首先分几个部分介绍下expression template。
引用wiki 介绍的 Expression templates :
Expression templates are a C++ template metaprogramming technique that builds structures representing a computation at compile time, which structures are evaluated only as needed to produce efficient code for the entire computation. Expression templates thus allow programmers to bypass the normal order of evaluation of the C++ language and achieve optimizations such as loop fusion.
Expression templates were invented independently by Todd Veldhuizen and David Vandevoorde; it was Veldhuizen who gave them their name.They are a popular technique for the implementation of linear algebra software.

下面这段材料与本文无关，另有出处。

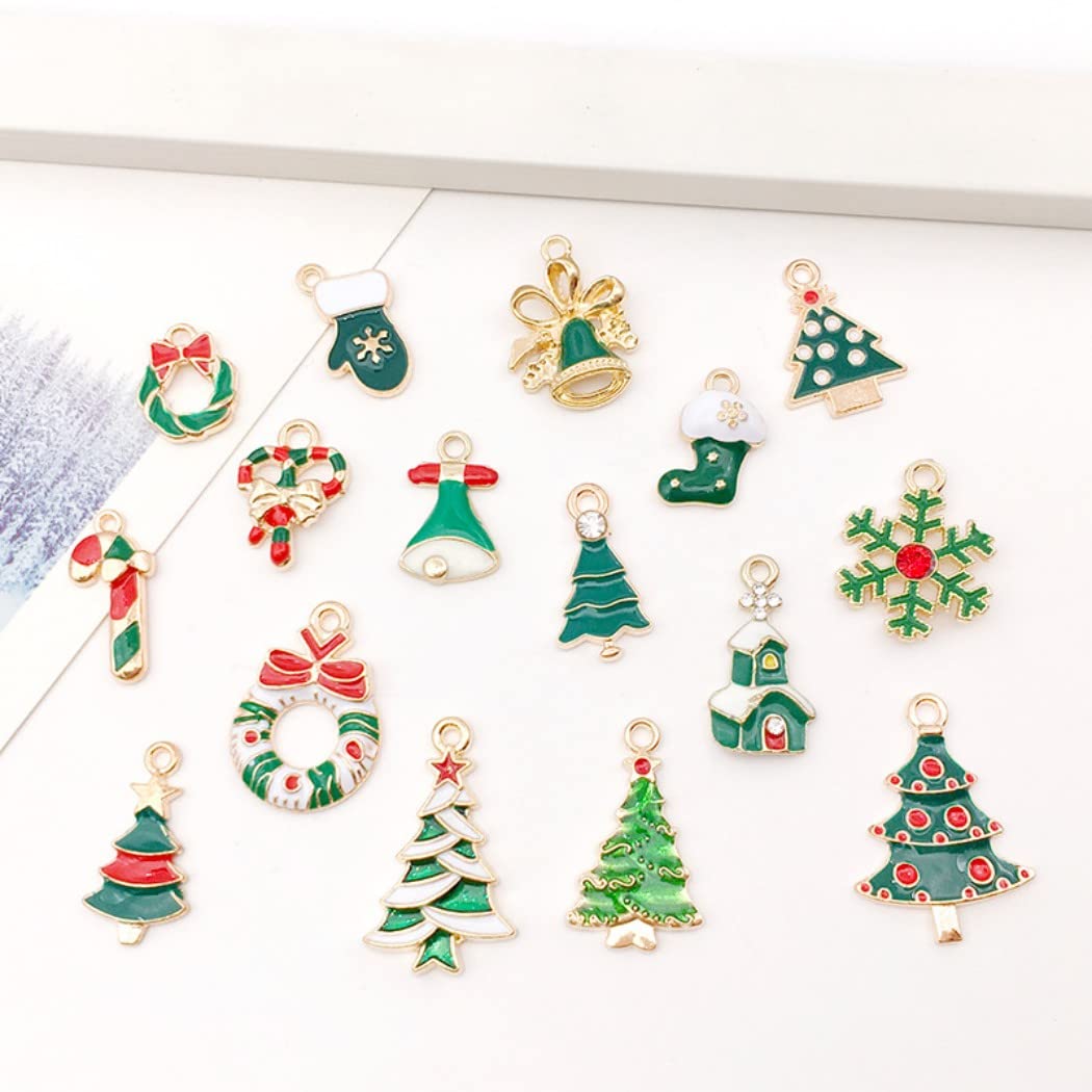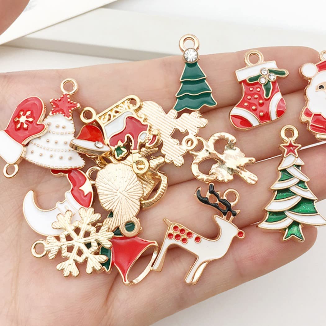[HappyHome] クリスマス チャーム オーナメント アクセサリーパーツ ペンダントトップ サンタ トナカイ 雪だるま など 手芸 DIY

结合上面的介绍,简单总结下expression template,表达式模板(expression-template)是一种C++模板元编程技术,它在编译时刻构建好一些能够表达某一计算的结构,对于整个计算这些结构仅在需要(惰性计算、延迟计算)的时候才产生相关有效的代码运算。因此,表达式模板允许程序员绕过正常(这里不知如何翻译,其实可以理解写程序的一般做法吧)的C++语言计算顺序,从而达到优化计算的目的,如循环合并。Expression template是Todd Veldhuizen & David Vandevoorde 发明的,详情见其技术报告:Veldhuizen, Todd (1995). “Expression Templates”. C++ Report.。expression template技术在线性代数相关软件中应用十分广泛,比如Eigen、 Boost uBLAS等等。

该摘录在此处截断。